Here we consider instead dissolving guns (which we will assume are pure iron) with sulfuric acid.
Fe+H2SO4->FeSO4+H2
The characters realize that their hideout has been discovered by the police and they still have a last handgun that weighs 0.25 kg to dissolve. The cops will get there in an hour, so they have to speed up the reaction, by driving it at a higher current. What is the minimum total voltage in volts they'll need to drive the reaction at to get rid of the gun in time? Consider excess potential because of activation losses only and the exchange current I0 to be 1 A for the reaction over the surface of the entire tank (not a current density). £\ is 0.5 and everything is being done at room temperature. Assume standard electrochemical potentials.

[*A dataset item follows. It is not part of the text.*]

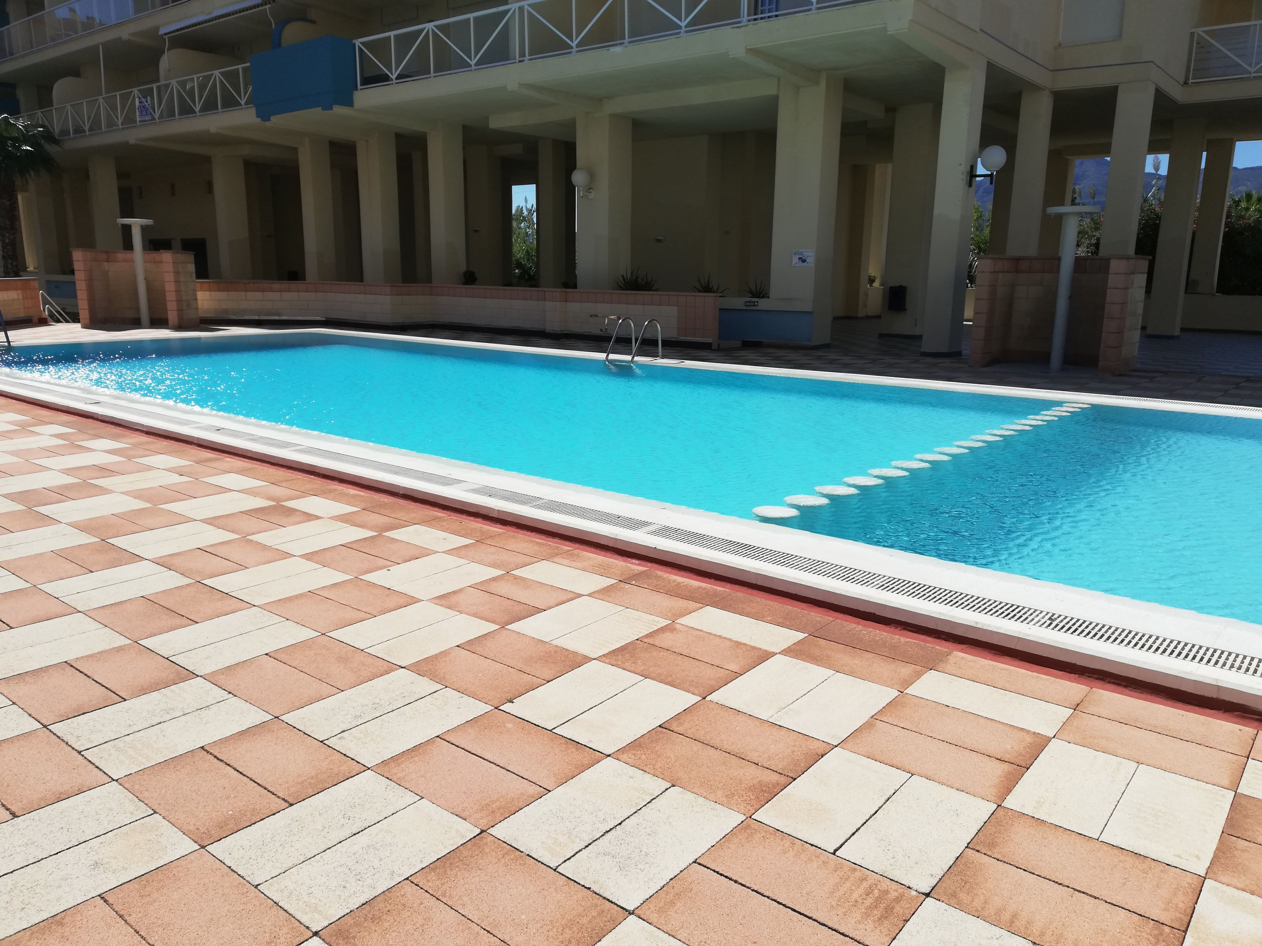 El complejo « MAR AZUL » consta de un bloque de siete alturas con ascensor, ofrece una zona común ajardinada, club y local social, pista de Squash, pista de tenis y zona empisada rodeando la piscina y el charco infantil.

To determine the minimum total voltage required to drive the reaction at a higher current, we need to consider the electrochemical aspects of the dissolution process.
First, let's understand the concept of standard electrochemical potentials. Standard potentials (E°) are measures of the thermodynamic driving force of a redox reaction. They are specific to each half-reaction and provide information about the relative ease of that reaction.
In this case, we need to calculate the voltage required to drive the dissolution of iron (Fe) in sulfuric acid (H2SO4) at a higher current. The half-reaction for the dissolution of iron can be represented as:
Fe(s) → Fe2+(aq) + 2e-
The standard potential for this reaction can be found in tables or references. For iron dissolution, the standard potential (E°) is approximately -0.44 V.
Now, let's consider the concept of exchange current (I0) and the overpotential (£\). The exchange current is a measure of the rate at which the redox reaction proceeds at equilibrium. It represents the current when the activation losses are negligible. In this case, the exchange current (I0) is given as 1 A.
The overpotential (£\) accounts for the excess potential required to drive the reaction at a different current than the exchange current. In this situation, we can use the value of £\, which is stated to be 0.5 V.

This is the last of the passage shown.